[[ Information given open ]]

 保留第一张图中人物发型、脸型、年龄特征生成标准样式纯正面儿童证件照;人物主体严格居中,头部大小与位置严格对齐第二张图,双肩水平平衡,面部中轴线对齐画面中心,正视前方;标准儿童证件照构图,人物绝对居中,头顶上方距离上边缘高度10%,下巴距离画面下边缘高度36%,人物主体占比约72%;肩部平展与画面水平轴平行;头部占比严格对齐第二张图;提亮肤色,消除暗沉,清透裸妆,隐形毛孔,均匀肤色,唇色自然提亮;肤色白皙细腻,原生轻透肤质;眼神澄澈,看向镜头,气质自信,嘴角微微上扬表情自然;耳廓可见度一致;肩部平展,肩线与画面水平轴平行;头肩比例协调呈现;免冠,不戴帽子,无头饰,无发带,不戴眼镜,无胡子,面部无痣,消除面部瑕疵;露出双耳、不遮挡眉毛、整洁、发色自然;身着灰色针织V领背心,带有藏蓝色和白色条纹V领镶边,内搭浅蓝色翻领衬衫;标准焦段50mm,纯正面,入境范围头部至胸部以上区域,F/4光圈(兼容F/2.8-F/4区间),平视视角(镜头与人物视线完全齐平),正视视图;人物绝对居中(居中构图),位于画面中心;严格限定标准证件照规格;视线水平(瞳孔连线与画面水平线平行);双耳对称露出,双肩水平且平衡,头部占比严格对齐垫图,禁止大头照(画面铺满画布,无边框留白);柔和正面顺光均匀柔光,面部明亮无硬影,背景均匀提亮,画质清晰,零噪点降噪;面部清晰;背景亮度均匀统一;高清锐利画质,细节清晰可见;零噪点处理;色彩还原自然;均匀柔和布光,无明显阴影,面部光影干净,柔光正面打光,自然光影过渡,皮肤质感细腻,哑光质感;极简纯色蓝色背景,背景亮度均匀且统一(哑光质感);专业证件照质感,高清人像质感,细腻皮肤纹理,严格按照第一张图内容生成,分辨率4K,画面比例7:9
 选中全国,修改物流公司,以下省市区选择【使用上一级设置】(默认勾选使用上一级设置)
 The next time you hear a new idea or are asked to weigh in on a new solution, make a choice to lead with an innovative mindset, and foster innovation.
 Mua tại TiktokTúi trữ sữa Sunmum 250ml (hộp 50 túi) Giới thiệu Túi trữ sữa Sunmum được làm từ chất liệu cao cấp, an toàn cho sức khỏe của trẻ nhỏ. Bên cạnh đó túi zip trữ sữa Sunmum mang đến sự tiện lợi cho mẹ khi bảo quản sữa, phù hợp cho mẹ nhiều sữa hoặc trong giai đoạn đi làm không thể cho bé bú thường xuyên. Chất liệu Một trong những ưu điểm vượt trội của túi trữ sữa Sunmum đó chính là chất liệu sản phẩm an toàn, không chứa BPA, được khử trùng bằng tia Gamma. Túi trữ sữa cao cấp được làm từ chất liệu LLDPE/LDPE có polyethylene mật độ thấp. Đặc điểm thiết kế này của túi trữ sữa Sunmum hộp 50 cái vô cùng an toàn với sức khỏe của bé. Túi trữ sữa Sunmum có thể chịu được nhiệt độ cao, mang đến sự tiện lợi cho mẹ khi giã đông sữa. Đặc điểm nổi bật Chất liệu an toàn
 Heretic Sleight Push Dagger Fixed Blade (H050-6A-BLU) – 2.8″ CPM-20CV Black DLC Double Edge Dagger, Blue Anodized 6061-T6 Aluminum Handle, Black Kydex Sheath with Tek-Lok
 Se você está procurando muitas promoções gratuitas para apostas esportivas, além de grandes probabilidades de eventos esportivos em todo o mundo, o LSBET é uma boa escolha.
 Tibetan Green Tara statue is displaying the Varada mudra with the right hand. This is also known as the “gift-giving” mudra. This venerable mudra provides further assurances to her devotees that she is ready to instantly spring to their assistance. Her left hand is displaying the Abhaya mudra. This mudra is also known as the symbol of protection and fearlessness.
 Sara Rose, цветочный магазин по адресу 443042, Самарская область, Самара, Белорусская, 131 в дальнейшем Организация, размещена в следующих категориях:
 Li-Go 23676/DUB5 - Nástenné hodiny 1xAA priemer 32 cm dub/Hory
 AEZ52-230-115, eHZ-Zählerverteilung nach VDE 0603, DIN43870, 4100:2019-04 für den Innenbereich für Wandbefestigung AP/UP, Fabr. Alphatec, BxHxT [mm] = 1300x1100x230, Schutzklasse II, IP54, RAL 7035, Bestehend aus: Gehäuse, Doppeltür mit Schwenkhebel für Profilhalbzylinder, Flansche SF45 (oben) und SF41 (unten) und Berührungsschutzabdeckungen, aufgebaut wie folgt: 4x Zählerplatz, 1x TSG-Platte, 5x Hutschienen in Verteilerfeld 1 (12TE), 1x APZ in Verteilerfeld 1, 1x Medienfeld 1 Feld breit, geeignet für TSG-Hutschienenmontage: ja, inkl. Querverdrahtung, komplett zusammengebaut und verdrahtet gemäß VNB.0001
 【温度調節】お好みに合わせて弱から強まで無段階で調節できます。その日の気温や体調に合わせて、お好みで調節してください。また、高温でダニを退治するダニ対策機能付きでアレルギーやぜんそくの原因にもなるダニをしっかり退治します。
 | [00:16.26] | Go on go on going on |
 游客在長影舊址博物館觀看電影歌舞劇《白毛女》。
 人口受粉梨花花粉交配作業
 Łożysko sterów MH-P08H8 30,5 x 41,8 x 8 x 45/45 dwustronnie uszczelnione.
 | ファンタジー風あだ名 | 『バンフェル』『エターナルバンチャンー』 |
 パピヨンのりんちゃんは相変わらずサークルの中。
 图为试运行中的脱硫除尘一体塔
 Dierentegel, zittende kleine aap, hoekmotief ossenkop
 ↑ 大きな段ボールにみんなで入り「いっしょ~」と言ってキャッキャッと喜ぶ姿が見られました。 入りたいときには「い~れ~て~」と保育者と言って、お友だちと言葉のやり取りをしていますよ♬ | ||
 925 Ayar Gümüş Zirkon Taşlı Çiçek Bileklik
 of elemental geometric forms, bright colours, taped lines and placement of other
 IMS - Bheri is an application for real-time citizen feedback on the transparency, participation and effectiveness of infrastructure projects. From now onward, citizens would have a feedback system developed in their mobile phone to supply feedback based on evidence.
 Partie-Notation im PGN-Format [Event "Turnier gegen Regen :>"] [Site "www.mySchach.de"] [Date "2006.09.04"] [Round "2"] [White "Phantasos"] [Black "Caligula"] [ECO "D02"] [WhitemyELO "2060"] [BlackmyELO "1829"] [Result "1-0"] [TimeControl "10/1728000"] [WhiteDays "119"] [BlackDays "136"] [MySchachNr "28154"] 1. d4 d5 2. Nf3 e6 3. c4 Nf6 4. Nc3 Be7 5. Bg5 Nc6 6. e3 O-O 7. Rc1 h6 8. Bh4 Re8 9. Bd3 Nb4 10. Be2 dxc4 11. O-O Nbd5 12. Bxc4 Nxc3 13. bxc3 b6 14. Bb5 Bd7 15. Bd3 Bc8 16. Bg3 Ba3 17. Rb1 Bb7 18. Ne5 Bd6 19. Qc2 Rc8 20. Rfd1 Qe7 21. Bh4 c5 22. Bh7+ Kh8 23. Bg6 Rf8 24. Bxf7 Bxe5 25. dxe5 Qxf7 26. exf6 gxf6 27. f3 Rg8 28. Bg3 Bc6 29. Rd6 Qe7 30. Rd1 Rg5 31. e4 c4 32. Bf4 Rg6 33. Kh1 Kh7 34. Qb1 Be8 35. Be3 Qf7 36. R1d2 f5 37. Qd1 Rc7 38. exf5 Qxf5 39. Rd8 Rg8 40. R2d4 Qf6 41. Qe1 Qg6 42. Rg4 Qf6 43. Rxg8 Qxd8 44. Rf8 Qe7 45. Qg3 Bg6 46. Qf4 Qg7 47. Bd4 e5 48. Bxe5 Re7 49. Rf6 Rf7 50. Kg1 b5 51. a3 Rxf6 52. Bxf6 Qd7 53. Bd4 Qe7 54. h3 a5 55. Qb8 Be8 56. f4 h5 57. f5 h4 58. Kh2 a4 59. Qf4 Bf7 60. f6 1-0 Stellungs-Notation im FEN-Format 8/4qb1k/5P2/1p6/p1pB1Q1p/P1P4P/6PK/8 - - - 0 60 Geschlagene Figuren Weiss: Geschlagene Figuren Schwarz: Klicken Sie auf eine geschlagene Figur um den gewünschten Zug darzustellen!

[[ Information given closed ]]

Assignment. Return exactly, and only, the lines above starting at the line that contains "人口受粉梨花花粉交配作業" and ending at the line that contains "Dierentegel, zittende kleine".

Answer section.
 人口受粉梨花花粉交配作業
 Łożysko sterów MH-P08H8 30,5 x 41,8 x 8 x 45/45 dwustronnie uszczelnione.
 | ファンタジー風あだ名 | 『バンフェル』『エターナルバンチャンー』 |
 パピヨンのりんちゃんは相変わらずサークルの中。
 图为试运行中的脱硫除尘一体塔
 Dierentegel, zittende kleine aap, hoekmotief ossenkop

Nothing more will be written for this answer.